When it comes to water conservation in Utah, farming is the 800-pound gorilla.

(Francisco Kjolseth | The Salt Lake Tribune) Persisting drought conditions in Utah and the west continue to drop the lake levels of the Great Salt Lake to historic lows, receding the waters edge further as seen on Saturday, Dec. 5, 2021.

The Great Salt Lake is finally receiving the attention it needs. The speaker of the Utah House has held a summit to discuss saving the lake and, more recently, details of a proposed bill drafted by the Utah Rivers Council and sponsored by Rep. Douglas Sagers of Tooele. The proposed bill establishes additional fees on secondary water use in the Great Salt Lake watershed based on the water level in the lake.

While it is laudable to use market principles to incentivize conservation, the target of this bill is simply too small to make the difference for the Great Salt Lake.

The balance of the lake requires some 2.9 million acre-feet per year to flow in to match the water lost to evaporation. About two thirds of this comes from our rivers. The lake is currently at least four feet below its healthy average and each foot of depth will require something in the range of 1 million acre-feet of extra inflow, leading to a deficit of perhaps 4 million acre-feet or more.

The Utah Rivers Council identifies the total secondary water use in the watershed as 183,000 acre-feet and hopes to conserve some percentage of that, although the efficacy of the proposed system is so far unknown. If we’re generous and assume that secondary water conservation could result in an additional 50,000 acre-feet reaching the lake per year (savings of 27% over current use), we find that returning to the minimum healthy level will require some 80 years.

And this does not account for drought, where any conservation savings go to meet demand, or the effects of a changing climate that may reduce the overall amount of water available in our system.

The proposed plan is wholly inadequate because it focuses on the little brother of water use, while ignoring the 800-pound farming gorilla. This is understandable. Agriculture holds a special place in the imagination of Utah residents and legislators and mandated cuts (or increased water costs) to producers are a non-starter. If we can’t mandate water savings, what can we do?

It is time to think bigger, both for the Great Salt Lake and throughout the state. There are savings to be found in agriculture, through conversion to more efficient watering practices, piping canals and ditches to reduce seepage and evaporation, and through other means.

However, cost is a major impediment, as borne out by responses to the Census on Agriculture from the USDA. Many smaller farmers simply cannot find hundreds of thousands of dollars to convert their systems to something more efficient or are unsure that they will be able to recoup the cost.

At times, Utah looks at the water from the Bear River or the Colorado River with thirsty eyes, hoping to resolve our issues with more of the giant public works dams of the 20th century. What if we took that same level of investment and put it into agricultural conservation? Not loans that place a larger burden on the farmer but grants that enable them to flourish.

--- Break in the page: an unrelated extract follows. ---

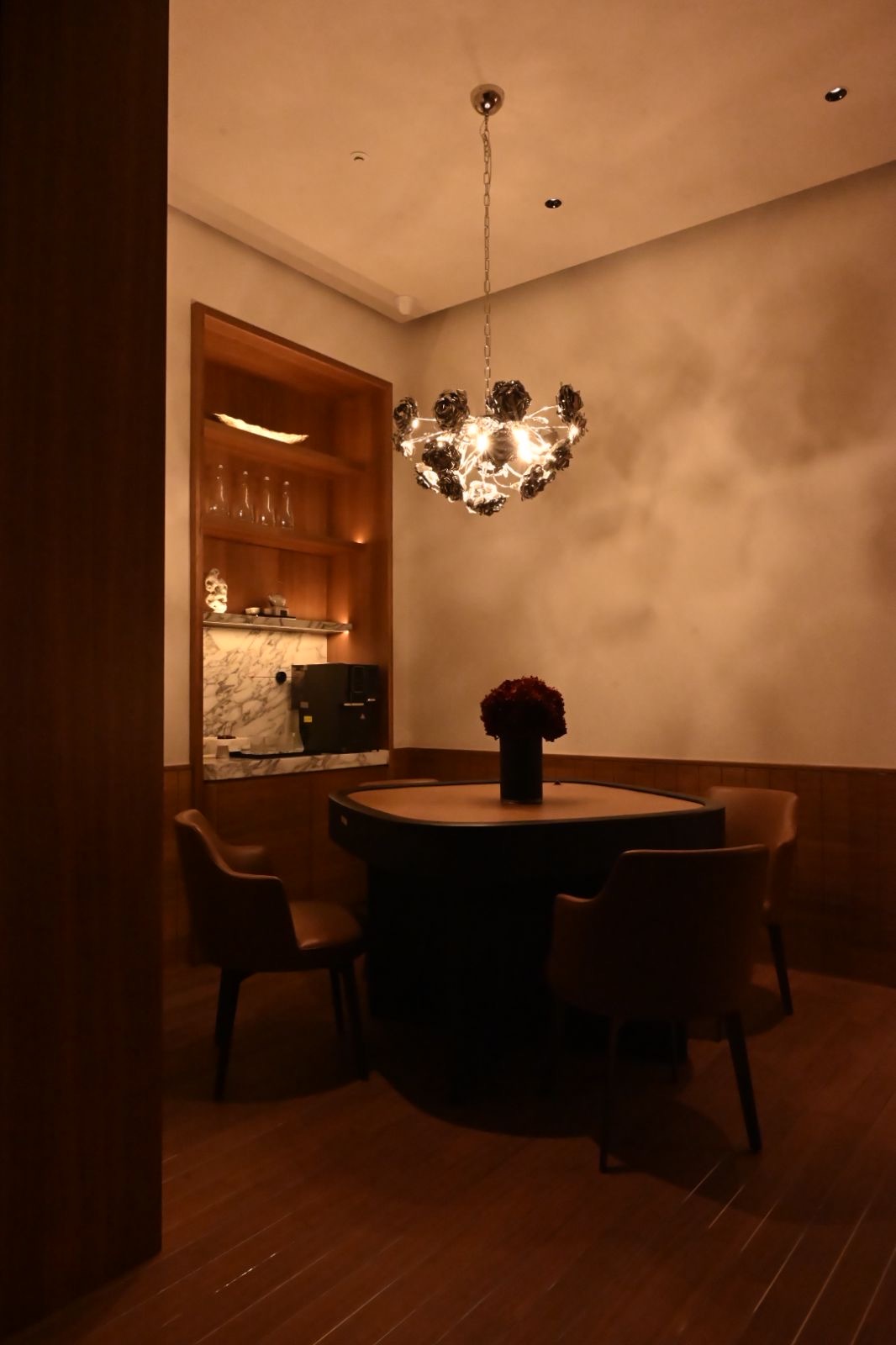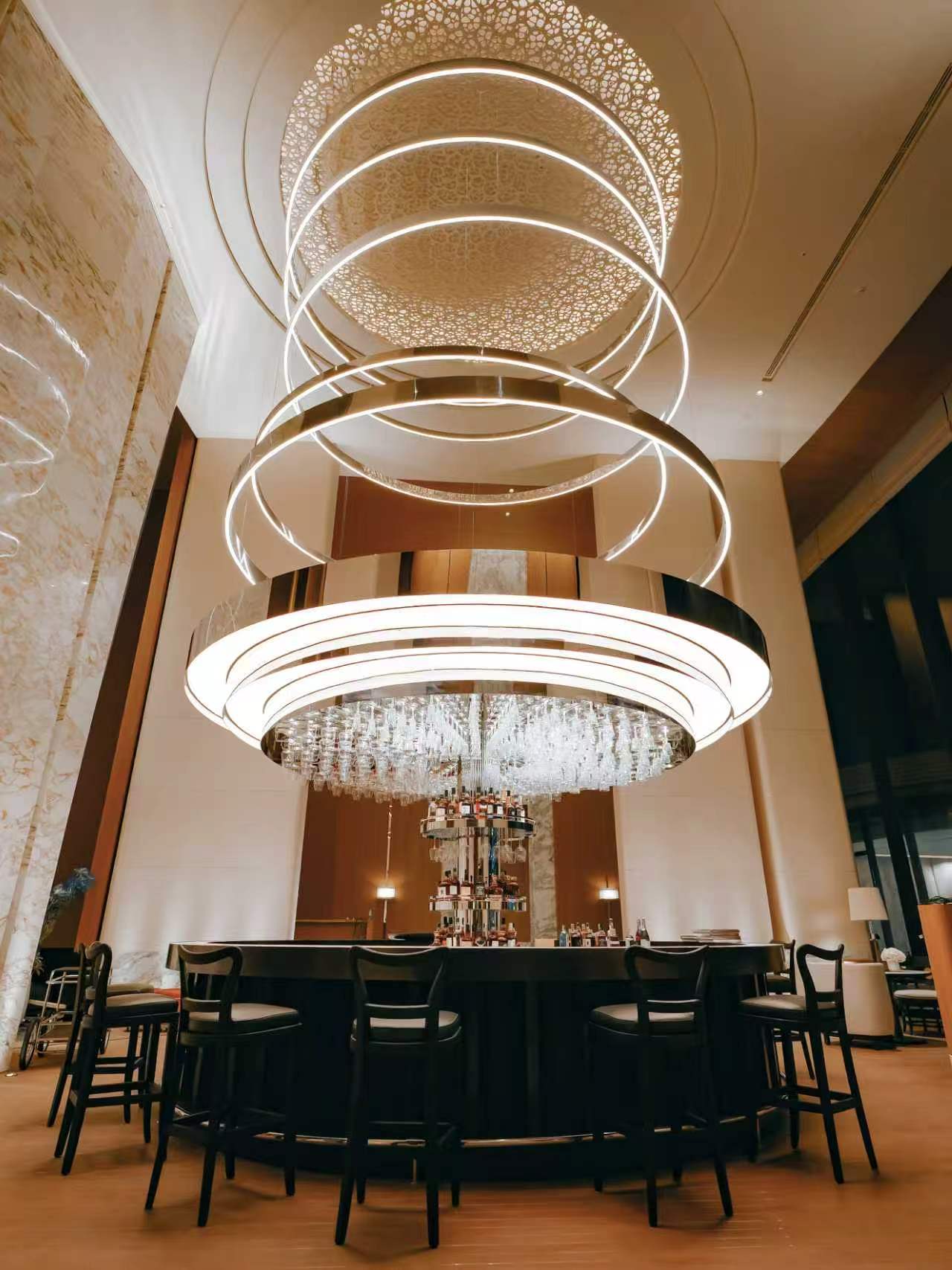 “游艇行政吧台“,以利落金属线条勾勒游艇甲板般的极简秩序,将珊瑚艺术纹饰融入穹顶与立柱肌理,让滨海栖居的悠然松弛,与高阶社交的精致格调浑然交融。

State money could also leverage funding already available from federal sources such as the NRCS.

As part of the program, the state could receive the rights for a portion of the water saved through conservation, allowing that water to flow down into the Great Salt Lake or Lake Powell, or the other reservoirs we depend on for our lives.

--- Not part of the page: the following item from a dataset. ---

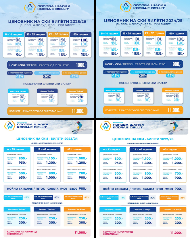 Скијачката сезона 2025/26 на Попова Шапка започна со зголемување на цените на дневните и сезонските билети. Во меѓувреме, сезонскиот билет не покрива и ноќно скијање, за што се жалат скијачите, а според раководството на ски центарот, за ноќно скијање потребни се дополнителни ангажмани и трошоци, пишува Порталб.мк.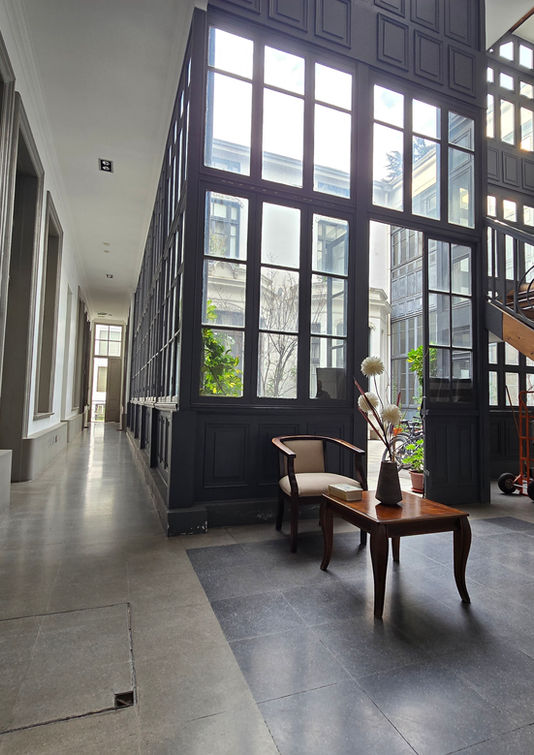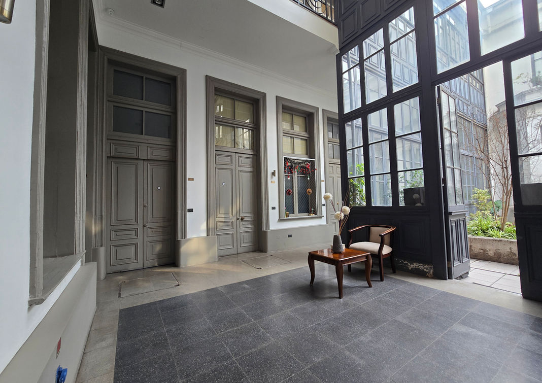 Las instalaciones de la Casona Harrington ofrece rico patio interior vidriado que inunda de luz los espacios comunes. Además, el edificio dispone de bicicletero, lavandería y un salón multiuso, añadiendo comodidad y versatilidad.

In all, thousands of farms and hundreds of canals and ditches would be improved, allowing hundreds of thousands of additional acre-feet to flow into the Great Salt Lake while bolstering the ability of our farmers to continue producing the food we need through drought and climate change.

Peter Steele

Peter Steele is a resident of Pleasant Grove and an environmental consultant for Wilson & Company. His views are his own and do not necessarily represent the views of his employer.